Differential diagnoses may present with extensive keloid and/or hypertrophic scarring, multiple-plate morphea, especially nodular and keloid variant; desmoplastic melanoma and scar sarcoidosis [12, 13]. Mullinaz and Cohen described a case of a 63-year-old woman with a history of a mammoplasty, who developed lesions like keloids, for which she received numerous treatments with topical steroids and in infiltration, the lesions were located outside the sites of the previous incisions and had little response to the treatments, which led to the performance of biopsies that allowed the diagnosis of a breast cancer, the authors emphasize that the tumor cells can be overlooked due to their similarity in appearance with the fibroblasts [11]. In our case, the patient did not present a history of surgery in the breasts or previous cicatricial skin pathologies that could be related to a higher risk of abnormal or keloid scarring.

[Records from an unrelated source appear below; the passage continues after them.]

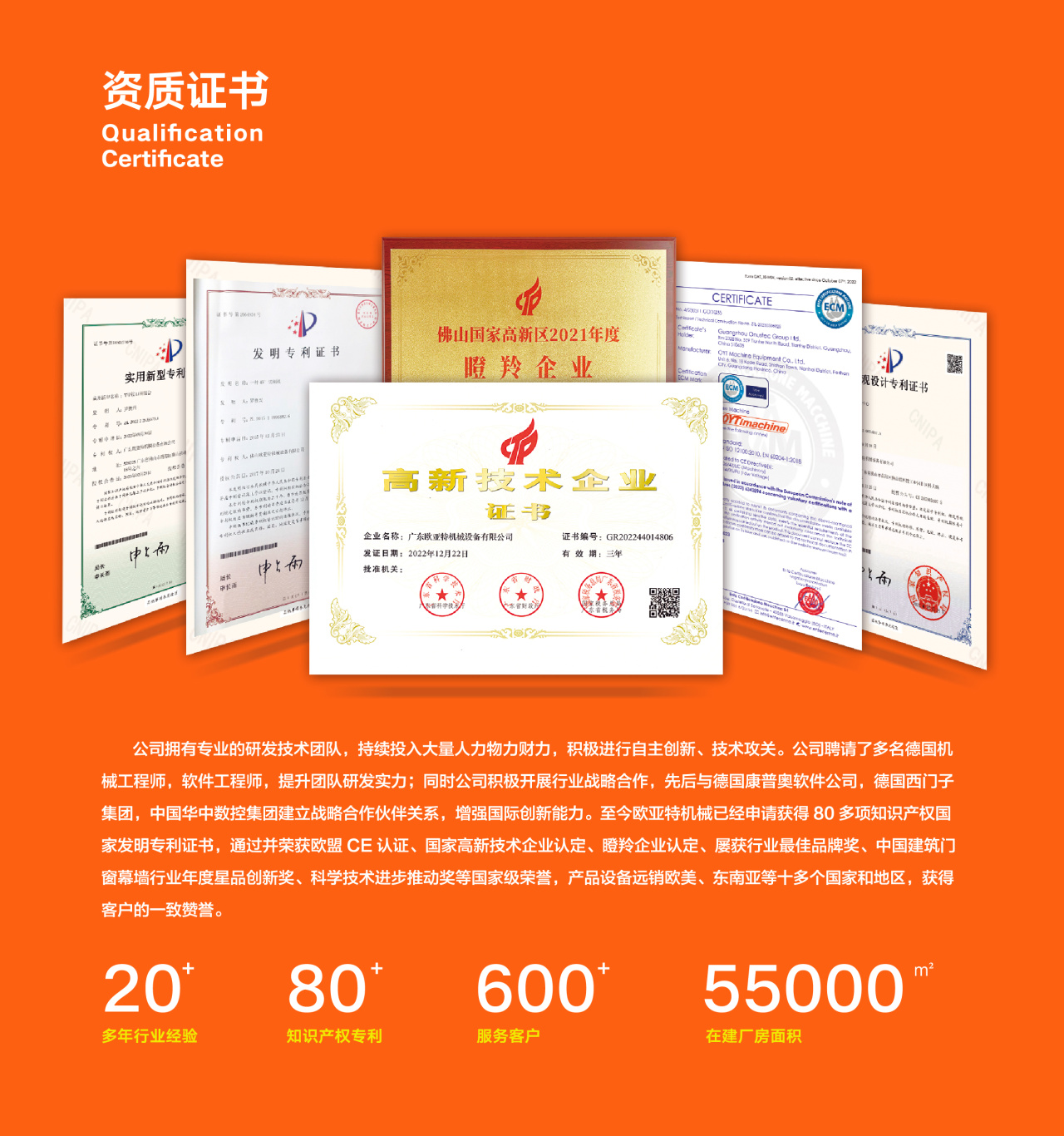 公司注重研發(fā)與科技創(chuàng)新,先后獲得國家高新技術(shù)企業(yè)、瞪羚企業(yè)、科技型中小企業(yè)以及規(guī)模以上工業(yè)企業(yè)等榮譽(yù)稱號(hào)。目前,我們?cè)诮ㄖb飾幕墻加工設(shè)備領(lǐng)域,處于行業(yè)領(lǐng)先地位,產(chǎn)品遠(yuǎn)銷海內(nèi)外。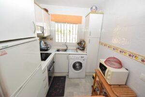 SECOND LINE BEACH. This is a lovely 2 bedroom penthouse apartment with fantastic pool, garden and sea views from the enclosed terrace and solarium. Situated in a great location very close to the beach and it is only a short, flat walk into La Cala centre and many restaurants, beach bars and shops. A good sized living room with dining area adjacent to the open kitchen, it is ideal for a holiday home or rentals. La Siesta is a well maintained, gated, secure complex with underground parking and lifts.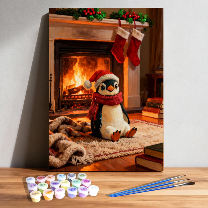 Paint by Numbers:Cozy Penguin by the Fireplace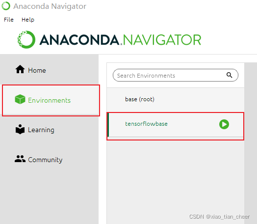 - 找到Environments,点击对应环境,我的是tensorflowbase;
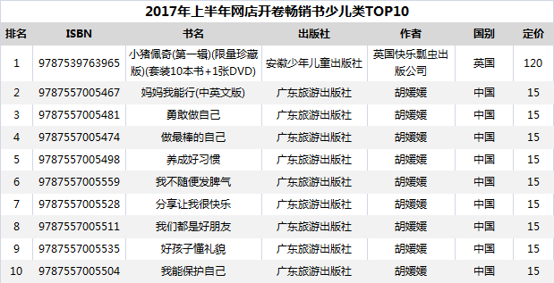 此外,引进版图书在国内市场表现非常突出,近几年,海外作者图书市场规模持续走高,单品收益能力也不断上升。2017年上半年实体店虚构类前100名中的境外作者作品有38种,《解忧杂货店》《白夜行》《嫌疑人X的献身》《追风筝的人》等作品都名列榜单前列;2017年上半年实体店非虚构类前100名的境外作者作品有24种,《未来简史:从智人到神人》《人类简史:从动物到上帝》《名人传》等引进版图书进入了榜单前20名;2017年上半年实体店少儿类榜单前100名中的境外作者作品有24种,《窗边的小豆豆》《夏洛的网》《哈利·波特》进入了榜单前10名。

Treatment options for breast cancer in cuirasse are limited, the goal is palliative, they can benefit from local irradiation, skin grafting, and non-steroidal anti-inflammatory therapy. Given the presence of extensive reactive fibrosis and a decrease in vascularization, chemotherapeutic agents may be unable to obtain effective local concentrations, however, in our patient a favorable clinical response was observed with the chemotherapeutic treatment [11].

4. Conclusion

A case of breast cancer was presented, whose reason for consultation was the presence of a skin metastasis type carcinoma en cuirasse. The recognition of the clinical and histopathological manifestations of metastases of breast cancer is essential and necessary to avoid delays in the initiation of treatments. In the breast cancer, the malignant cells are immersed in a fibrotic stroma and poorly vascularized, which can hinder the recognition of neoplastic cells and the effectiveness of systemic chemotherapy. The presence of these advanced cases raises the need to continue education programs and improve access to health services, especially in countries where breast cancer continues to be the leading cause of cancer death in women. In our case, the diagnosis of breast cancer was guided by the recognition of cutaneous changes.